27. Philadelphia Phillies – Kevin McGonigle, SS/2B, Monsignor Bonner HS (PA)

Just like Joey Porter Jr. getting drafted to the Pittsburgh Steelers in the second round of the NFL Draft, this landing spot for McGonigle makes too much sense. The infielder grew up just outside of Philadelphia and loved watching Chase Utley. The only thing that will stop this from happening is the fact McGonigle is worthy of an earlier selection. He hit everywhere on the summer circuit and has a knack for always finding the barrel while not fishing outside the zone.
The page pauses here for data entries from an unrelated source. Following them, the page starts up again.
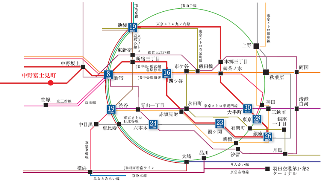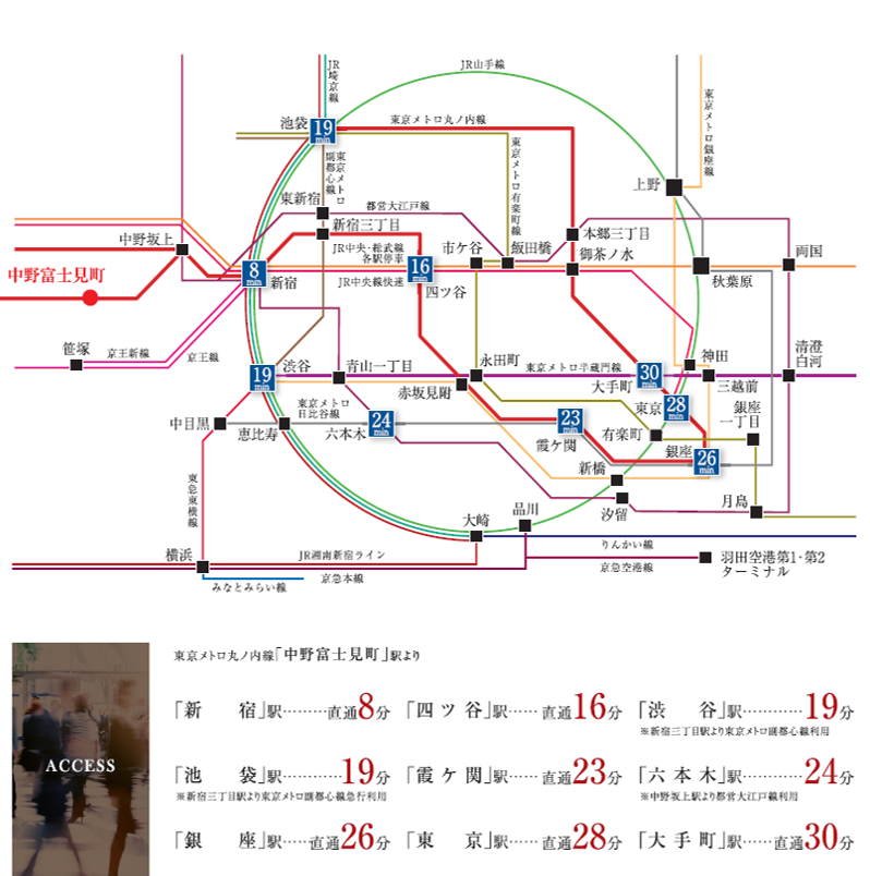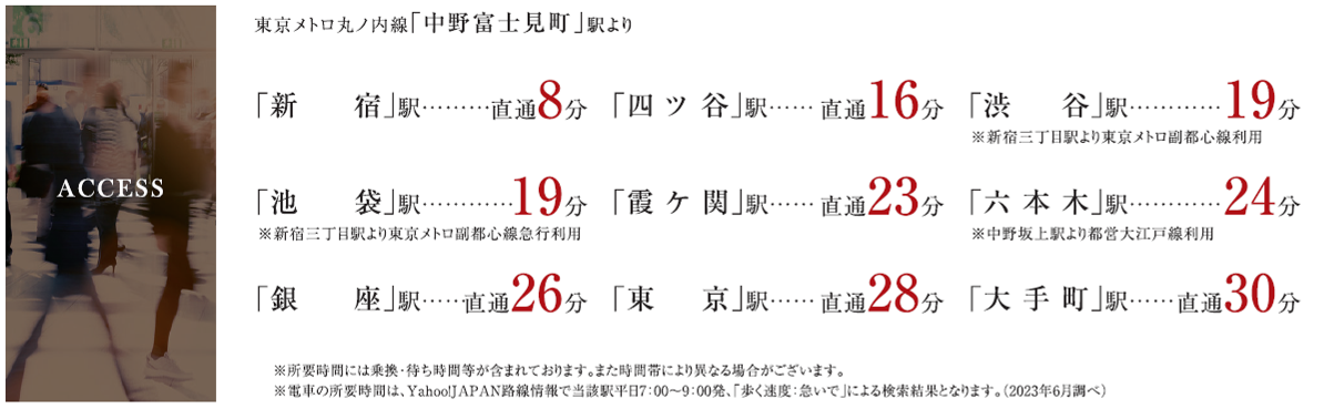 東京メトロ丸ノ内線で新宿駅より直通8分、西方約3kmに位置する住宅都市、中野富士見町。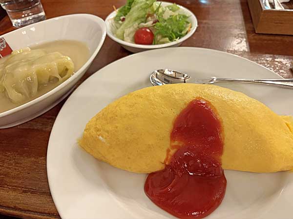 ![]() 私は、オムライス(サラダ付)1600円。カウンターの特等席。 |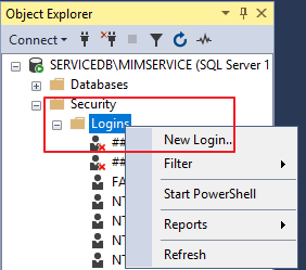 Security - Logins - 우클릭 - New Login...
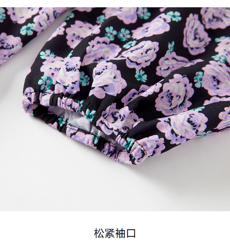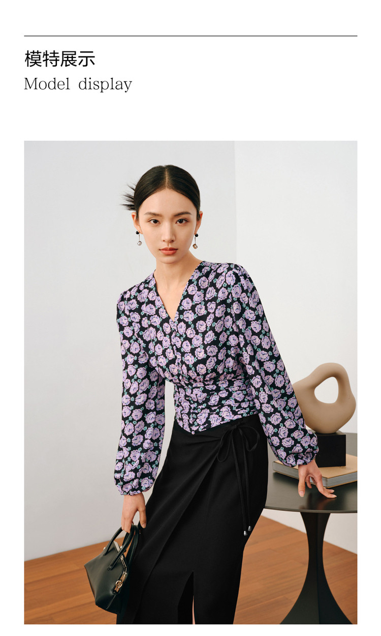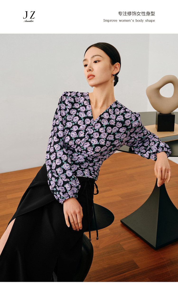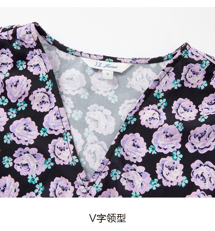商品名称:玖姿旗下安娜蔻系列V领优雅法式复古X型雪纺印花长袖上衣女秋季 906892

Just like Utley, he will likely need to move to second as he has fringy range.
28. Houston Astros – Juaron Watts-Brown, RHP, Oklahoma State

After taking two outfielders – Drew Gilbert and Jacob Melton – with their first two picks last year, the Astros shift back to pitching. Houston is another team that is always developing pitching well Watts-Brown has a great feel for pitching but there have been questions about how he will be able to handle a starter’s workload in the majors. The right-hander has a weapon in his slider, which gets a ton of swing-and-misses in and out of the zone, sitting at 83-86 mph. The Astros know how to work out the kinks with pitchers, and even if Watts-Brown doesn’t stick as a starter, they would have another weapon in their bullpen.